Conformational behaviour of medium-sized rings. Part 4. Heterocyclic analogues of 7,8,13,14-tetrahydrobenzo[6,7]cyclonona[1,2,3-de]naphthalene and 7,8,15,16-tetrahydrocyclodeca[1,2,3-de:6,7,8-d′e′]dinaphthalene
Abstract
The temperature dependences of the 1H n.m.r. spectra of 8H,15H-dinaphtho[1,8-bc : 1′,8′-gh][1,5]dioxecin (4) and of heterocyclic analogues (2a, b, e, and f) of 7,8,13,14-tetrahydrobenzo[6,7]cyclonona[1,2,3,-de]naphthalene have been interpreted in terms of ring inversion between enantiomeric twist-boat conformations. The temperature dependences of the 1H n.m.r. spectra of the dithionins (2c and d) have been interpreted in terms of interconversions between chair and twist-boat conformations.

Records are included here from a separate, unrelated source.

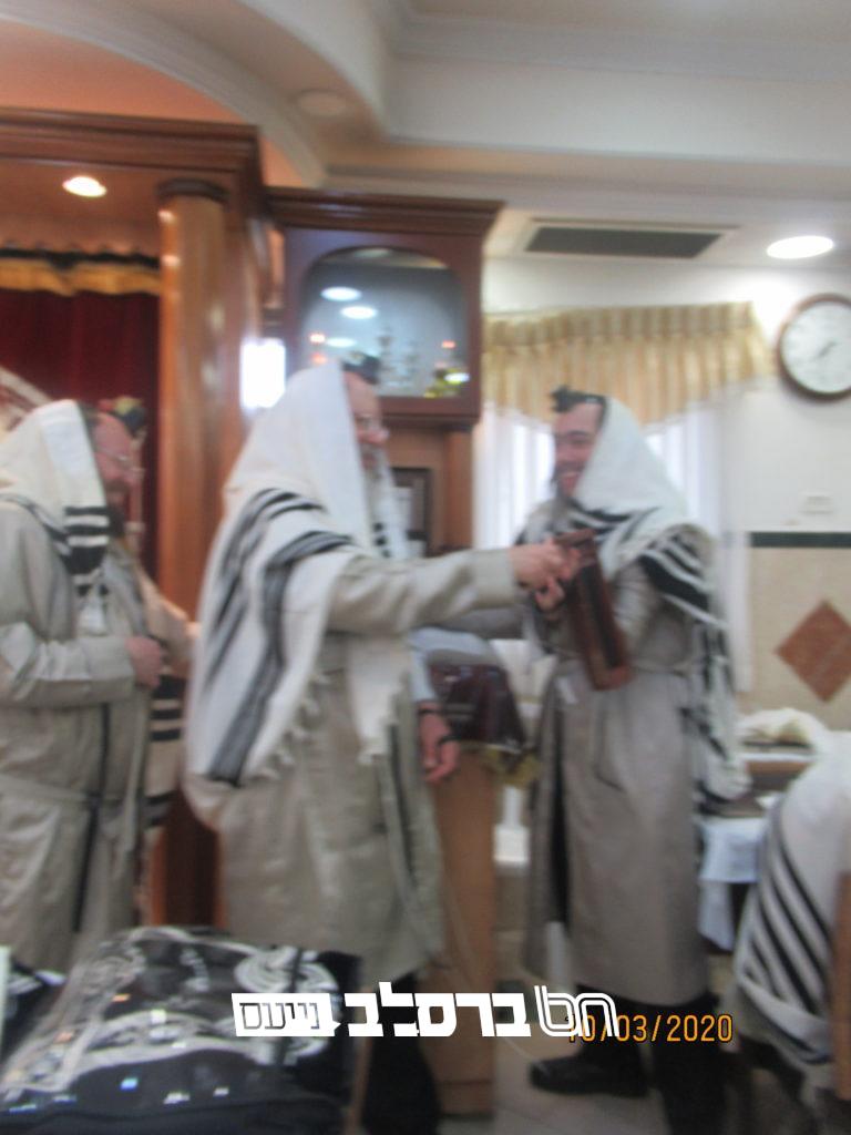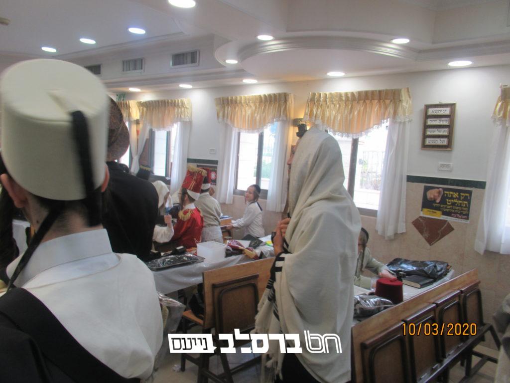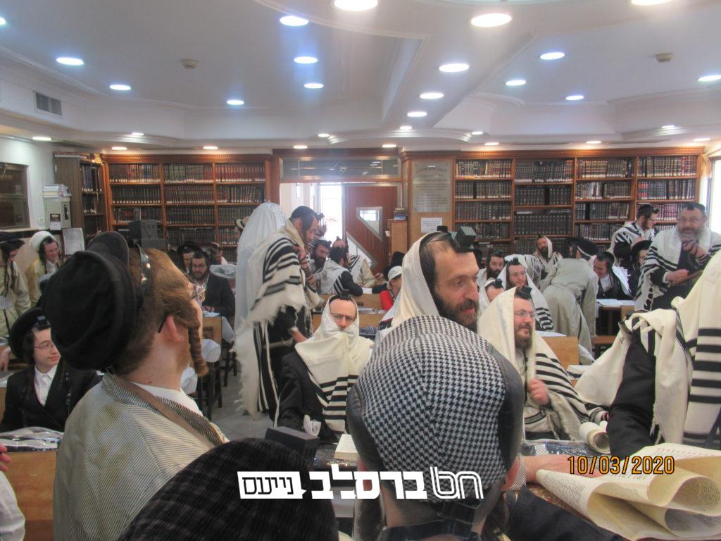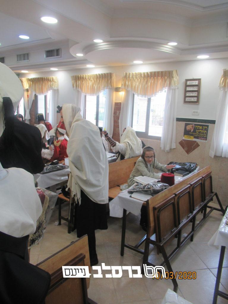 אנשי שלומינו חסידי ברסלב מתפלי ביהמ"ד "תפארת הנחל" בית שמש בקרייה החרדית, שבראשות הגה"צ רבי יעקב מאיר שכטער שליט"א בקריאת המגילה בבוקר יום הפורים.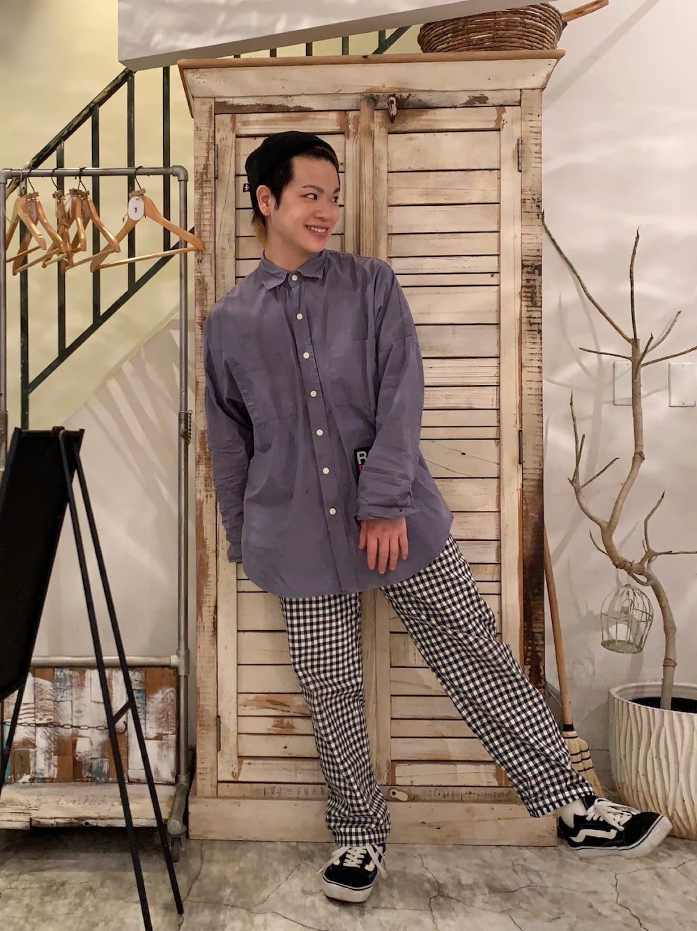 河崎良侑(りょう)のニットキャップ/ビーニー「オリジナルス ニットキャップ [BEANIE BADGE]」を使ったコーディネート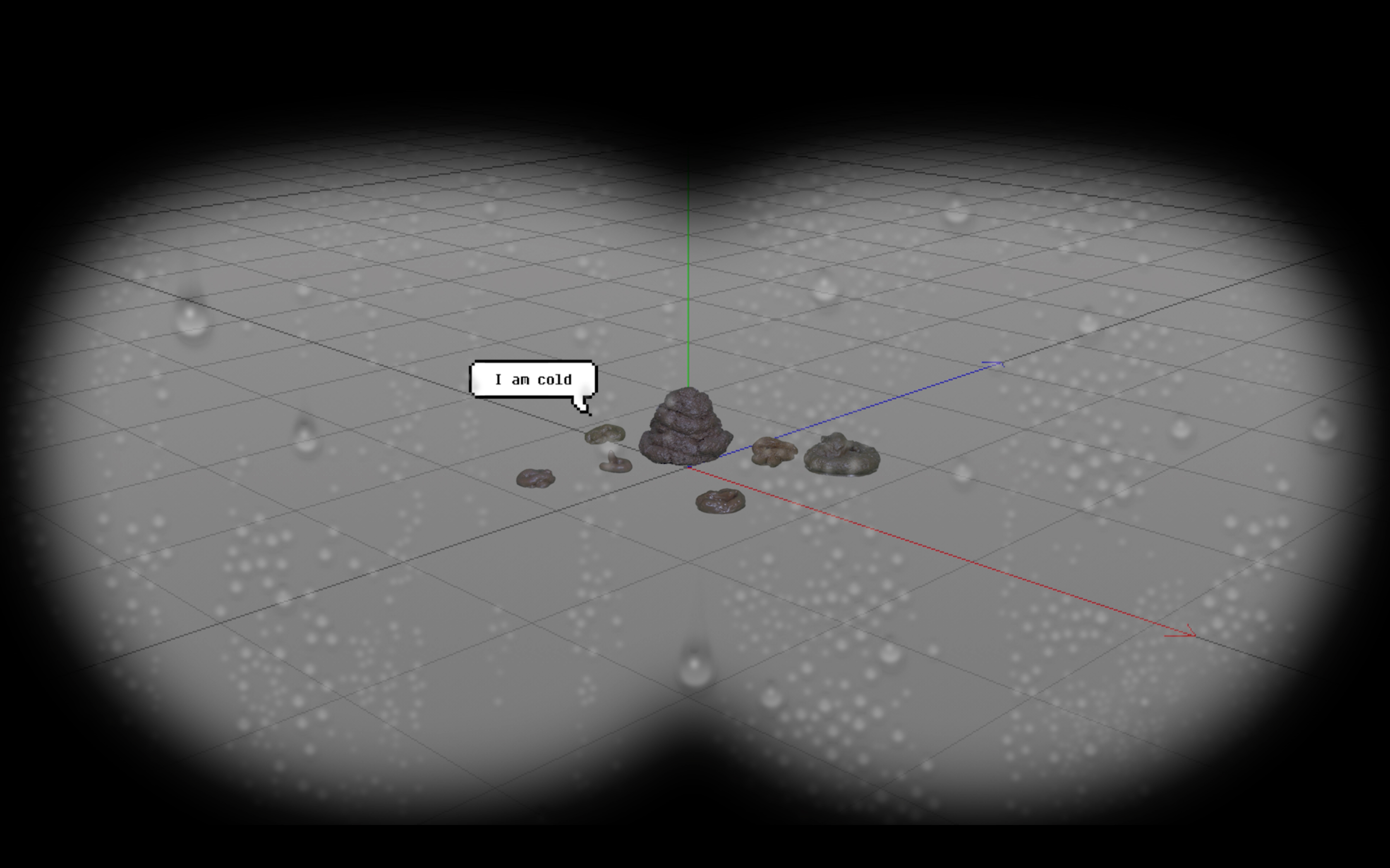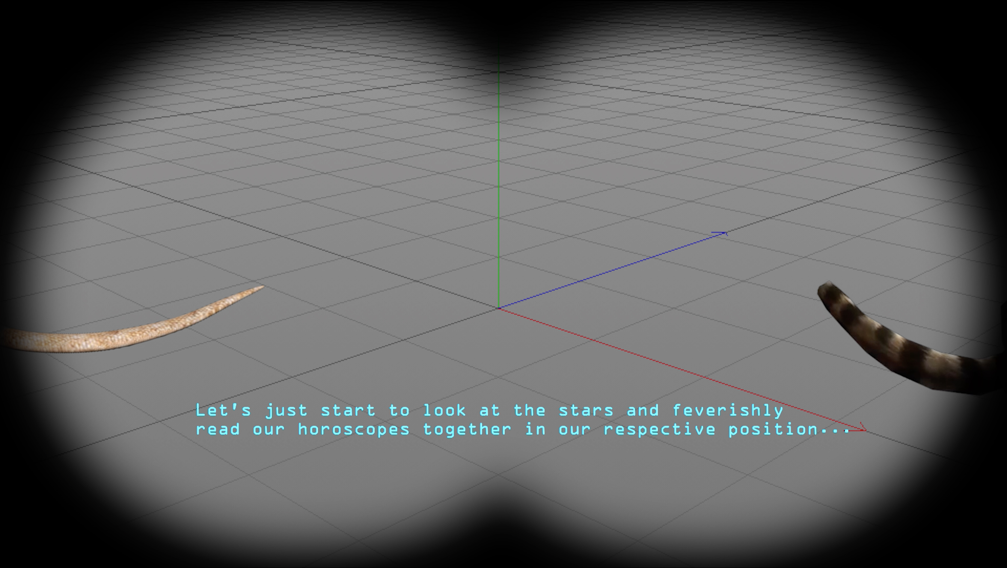 The Fly Ver. is the second part of this project. The small fly that appeared and disappeared alongside the protagonist in the Green Human Version becomes the storyteller in this segment. The worldview of merely being 'observers' of each other is a key theme contained within the artist's work Tethering (2022). In the piece, the voice of the fly does not reach the green human and emerges as a one-sided monologue. Within a structure where interaction is impossible, it narrates how those beyond the boundaries fade away.
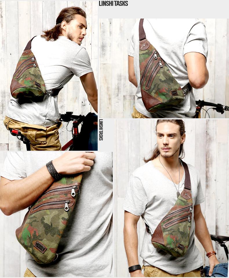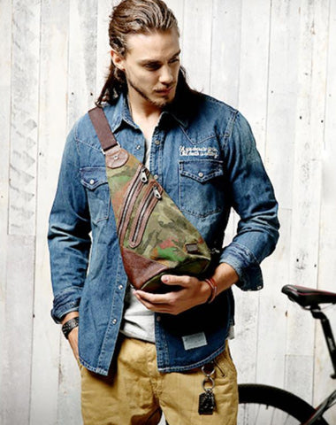 Design: Camouflage Canvas Sling Backpack Men's Sling Bag Camouflage Chest Bag Canvas One shoulder Backpack For Men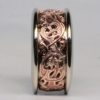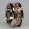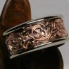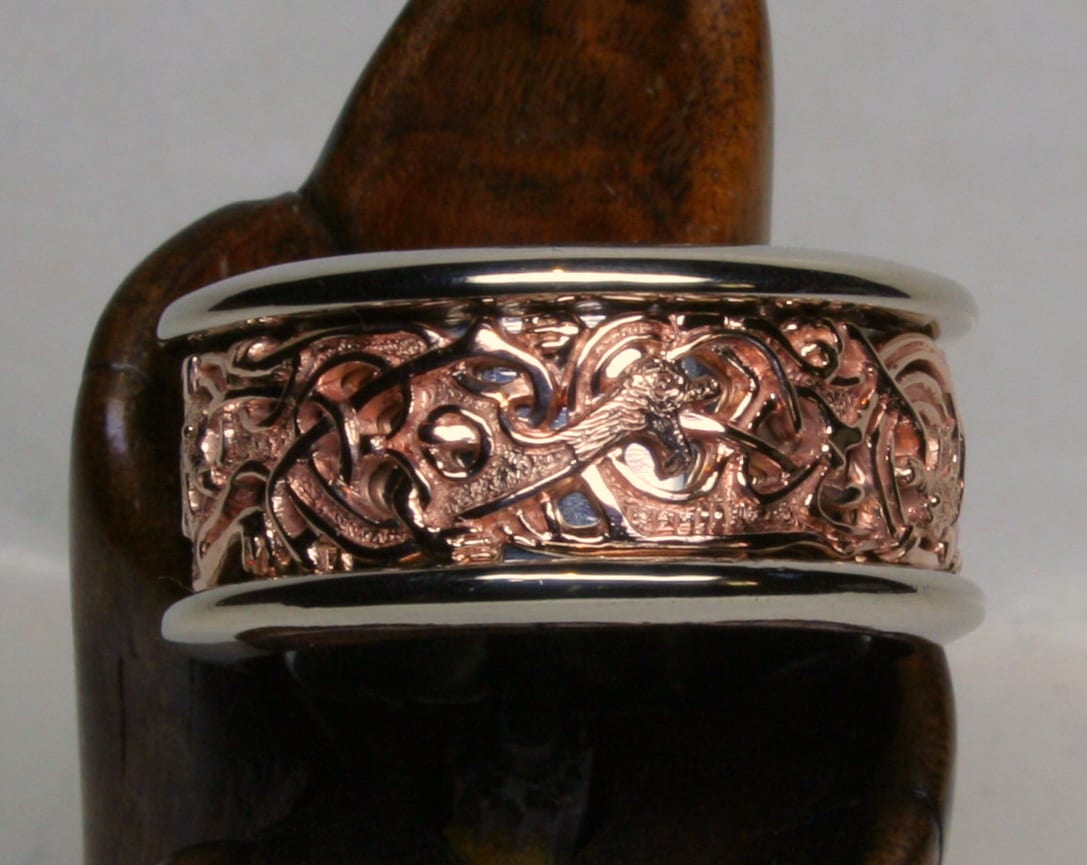 I combined elements of both the new and old carvings in the center of the band to form a garland of gripping beasts. I carved the details in wax and cast them in red 14k gold. I placed the central design between two borders of white gold. The borders are high enough to protect the band’s details to insure that it will last many years. The inside edges of the band are rounded to ensure that the band will be comfortable to wear.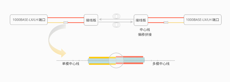 与上述两种方法相比,模式调节光纤跳线在多模光纤和单模光纤的转换上有所不同。模式调节光纤跳线不能像WDM转发器一样改变光纤类型来延长网络传输距离,它是通过改变光的传输模式以实现多模光纤到单模光纤的转换。模式调节跳线的光纤连接头可以以一种特殊的位移将单模激光发射到多模光纤中心,致使单模激光可以在多模光纤纤芯直径内传播,从而屏蔽当光在多模光纤中以多种模式传播时产生的差值模式延迟(DMD)效应带来的影响。此外,模式调节光纤跳线只适用于千兆1000BASE-LX(或10G以太网 10GBASE-LRM和10GBASE-LX4 )设备的应用。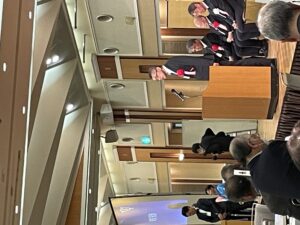 まずは八幡駅に集合。今日はとにかく暑いです。 貸し切りバスに乗り、いざ八幡高校へ。懐かしい槻田橋の三叉路を左へ。今は三車線になっています。 まずは同窓会館へ集合し、神谷校長の解説による学校見学です。「机ってこんな小さかっ […]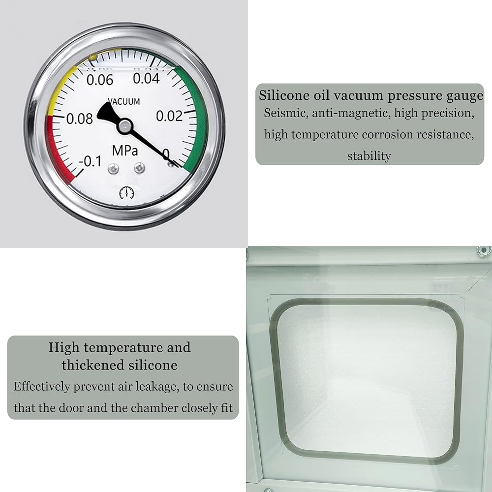 • [Excellent Design]: with silicone oil vacuum pressure gauge, high quality,high precision and stability. The sealing ring is adopt high temperature and thickened silicone, effectively prevent air leakage, to ensure that the door and the chamber closely fit.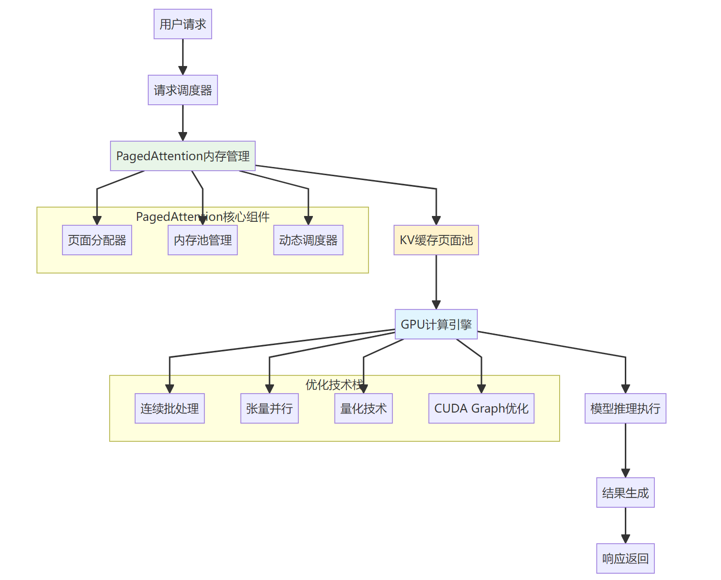 PagedAttention内存管理: 这是vLLM的核心创新,包含页面分配器、内存池管理和动态调度器三个关键组件。页面分配器负责按需分配内存页面,内存池管理维护可用页面的状态,动态调度器根据实时情况调整内存分配策略。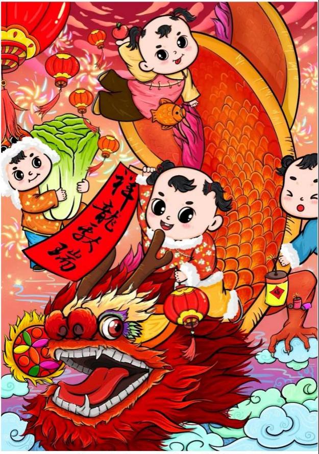 一等獎獲獎作品中,學生們通過細膩的筆觸和豐富的色彩,將年畫中的傳統元素與現代審美完美結合,創作出既有傳統韻味又不失現代感的佳作。二等獎和三等獎的作品展示著學生們對年畫藝術的熱愛和追求,在表達主題、構圖和色彩運用上也有著不俗的表現。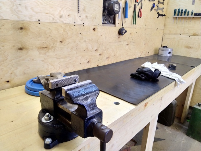 Сделав основной каркас, сверху на саморезы и клей приделал мебельный щит, для того, чтобы поверхность верстака была идеально ровной. Теперь, что самое главное на верстаке?! Конечно тиски!. То говно, которое продавалось в магазинах меня не устраивало, заказывать что-то по серьезнее не было ни денег ни возможности, в итоге я бросил клич по друзьям с просьбой добыть, найти, спиздить или откопать мне советские тиски. Один из друзей понял всё буквально и в прямом смысле откопал на своём участке старые, задроченные советские тиски. Я хз, какая у них предыстория, но судя по их виду, они были закопаны как клад, дедом моего кореша на его дачном участке, чтобы..... Короче (фото 8)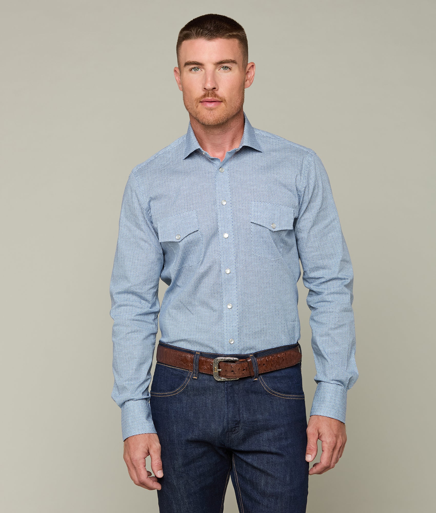 The Telluride is a fresh take on Lucchese’s western shirts. Rugged yet refined. this piece is made from the finest textured cotton twill for comfortable all day wear. Silky to the touch and beautiful to the eye. the Telluride is a seasonal snap shirt that pairs perfectly with all Lucchese boots and casual footwear for a day in the saddle or a night in the town.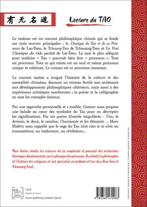Le taoïsme est un courant philosophique chinois qui se fonde sur trois œuvres principales : le « Classique du Tao et de sa Puissance » de Lao-Tseu, le « Tchouang-Tseu » de Tchouang-Tseu et « Le Vrai Classique du vide parfait » de Lie-Tseu. Le mot le plus adéquat pour traduire « Tao » pourrait bien être « processus ». Tout est processus. Tout ce qui existe est un seul et même processus unique et cohérent. Le cosmos est ce processus immense. Le courant taoïste a irrigué l’histoire de la culture et des mentalités chinoises, donnant un terreau fertile non seulement aux développements philosophiques ultérieurs, mais aussi à des expériences artistiques nombreuses ; la poésie et la calligraphie en sont les exemples fameux. Par une approche personnelle et sensible, l’auteur nous propose une balade au cœur des symboles du Tao pour en décrypter les significations. Par six portes d’entrée singulières – l’un, le devenir, le deux, le nombre, l’harmonie et les éléments –, Marc Halévy nous rappelle que le sage du Tao n’est rien si ce n’est un transmetteur, un traducteur, un révélateur…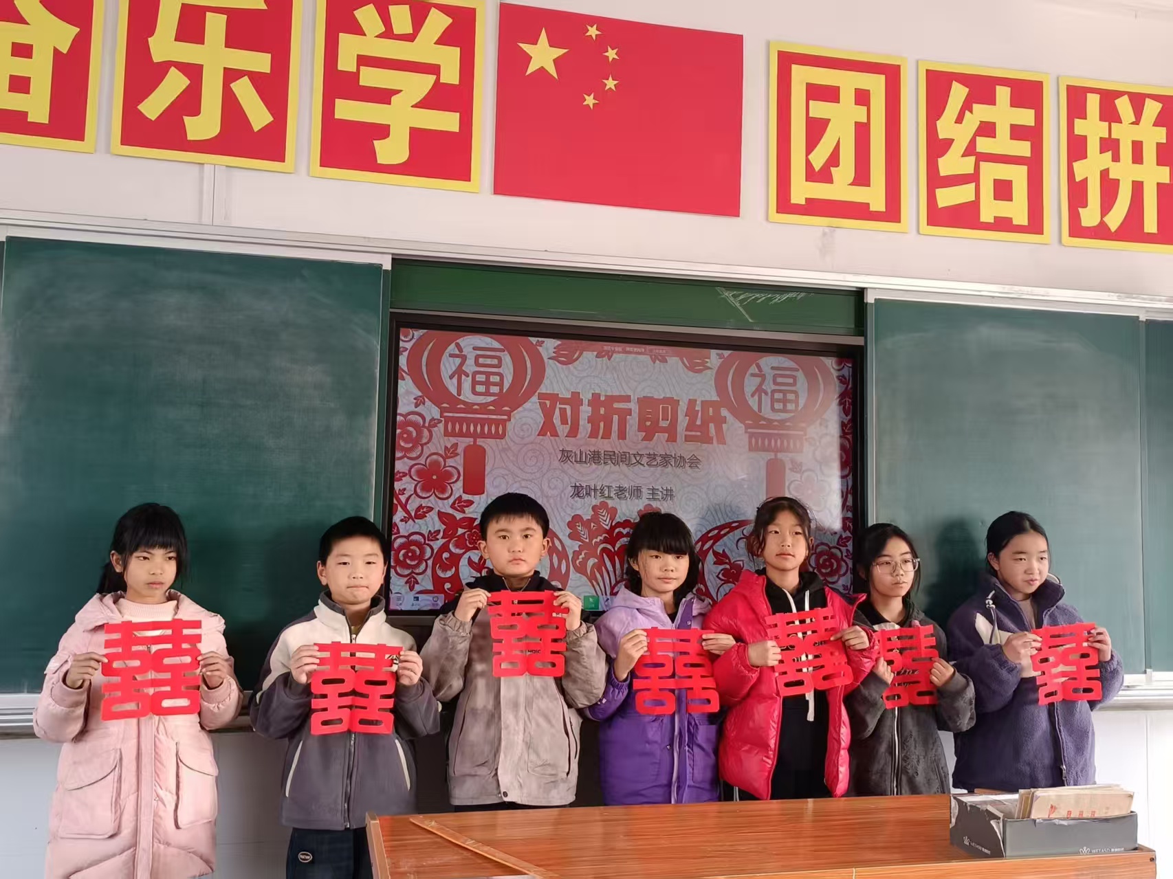 作为剪纸技艺的资深传承者,龙叶红以"对折剪纸"为核心教学内容,从纸张折叠的角度把控、剪刀使用的力度技巧,到图案设计的寓意内涵,进行了层层递进的细致讲解。"先对折两次,边角对齐不能歪,剪曲线的时候要慢一点..."她一边示范一边叮嘱,红纸在剪刀开合间化作简约流畅的线条,转眼就变成了寓意吉祥的"囍"字、栩栩如生的小花。在老师的耐心指导下,学生们纷纷拿起工具动手尝试,从最初的生疏犹豫到逐渐熟练上手,专注的眼神里满是对传统技艺的好奇与热爱。当一张张亲手制作的剪纸作品被高高举起时,教室里洋溢着满满的成就感,欢声笑语中定格下非遗传承的温暖瞬间。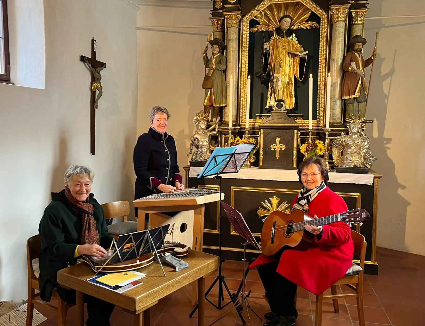 (Christine Jann) In der vollbesetzten Kirche St. Leonhard feierte Stadtpfarrer Herbert Kohler einen festlichen Gottesdienst zum Abschluss der notwendigen Sanierungsarbeiten. Musikalisch wurde er von der Neuburger Saitenmusik mit Frau Blind (Zither), Frau Haidl (Hackbrett) und Frau Braun (Gitarre) begleitet. Die freiwillige Feuerwehr und der Schützenverein waren mit ihren Fahnenabordnungen vertreten.

A comparison of activation parameters shows that when peri-annelated naphthalene rings replace ortho-annelated benzene rings in ‘6,8,6’ systems (1), chair-like conformations are destablised relative to boat-like conformations and the energy barriers to ring inversions involving pseudorotational processes are considerably higher.